__RECORDS SHOWN__:
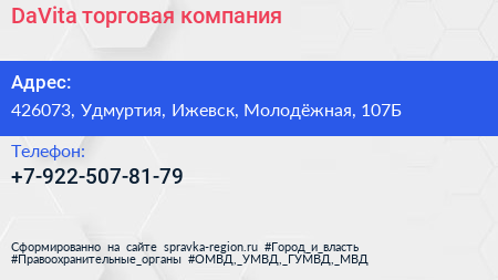 DaVita, торговая компания по адресу 426073, Удмуртия, Ижевск, Молодёжная, 107Б в дальнейшем Организация, размещена в следующих категориях:
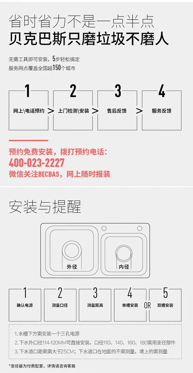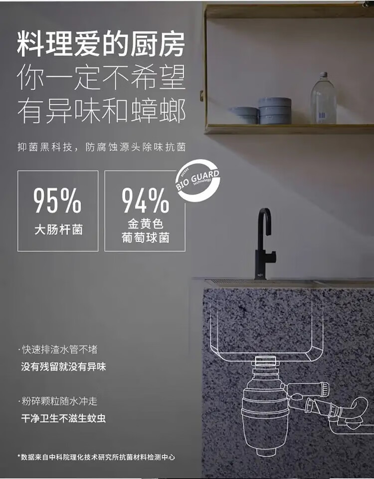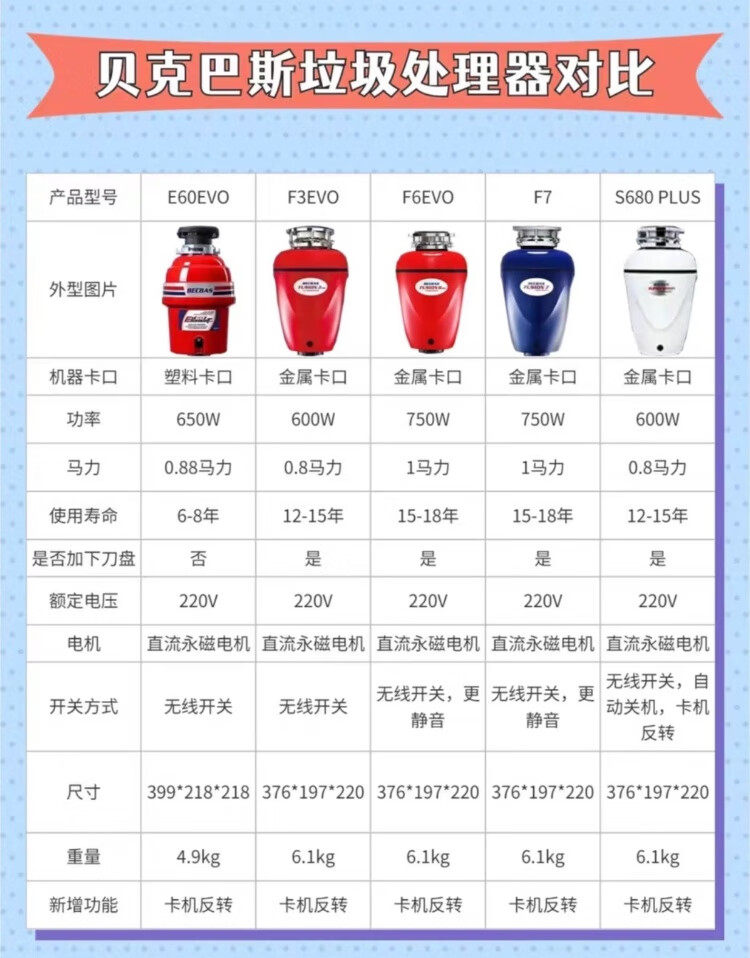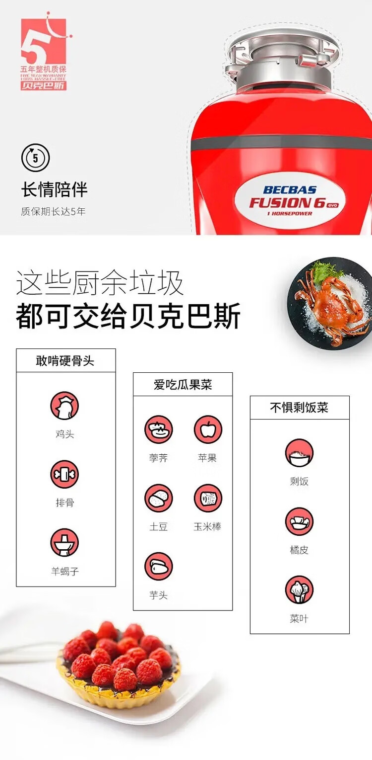 Baker Bass F6evo food waste disposer sink household kitchen food waste crusher resistance reverse high-power silent F6evo nationwide warranty includes installation
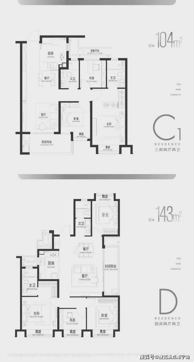 C2户型104㎡及D户型143㎡▼
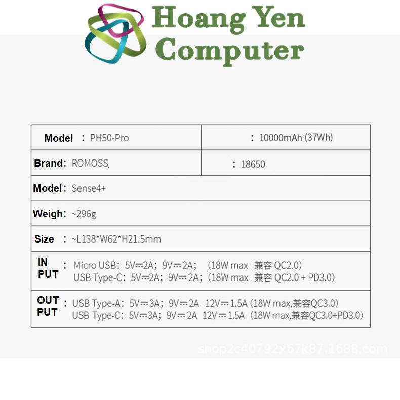 Giới thiệu [MẪU MỚI] Sạc Dự Phòng Romoss Sense 4+ 10000Mah (Sạc Nhanh QC3.0 18W, PD 18W) - BH 1 Năm - Hoàng Yến Computer
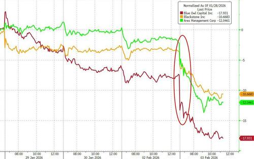 But, as we detailed here, here, here , and here yesterday, the pain was not just in tech, as Alts and BDCs suffered significant losses as the strain of lower marks on loans to losing software firms weighed on these private credit providers (which was exacerbated by the fact that a group of banks led by Deutsche Bank has been unable to sell about $1.2 billion of loans backing the acquisition of a software provider).
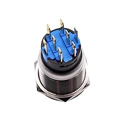 19mm 2 3 Position Metal Selector Rotary Push Button Switch Latching 220V LED Stainless Steel ON Off Knob Switch 1NO 1NC 1Pcs(Blue LED Switch,2 Po 1NO1NC)

__WHAT THE TASK REQUIRES__:
Please repeat exactly the data above from its first line to the line that contains "Giới thiệu [MẪU", inclusive, and leave every picture out.

__ANSWER FOR THIS EXERCISE__:
 DaVita, торговая компания по адресу 426073, Удмуртия, Ижевск, Молодёжная, 107Б в дальнейшем Организация, размещена в следующих категориях:
 Baker Bass F6evo food waste disposer sink household kitchen food waste crusher resistance reverse high-power silent F6evo nationwide warranty includes installation
 C2户型104㎡及D户型143㎡▼
 Giới thiệu [MẪU MỚI] Sạc Dự Phòng Romoss Sense 4+ 10000Mah (Sạc Nhanh QC3.0 18W, PD 18W) - BH 1 Năm - Hoàng Yến Computer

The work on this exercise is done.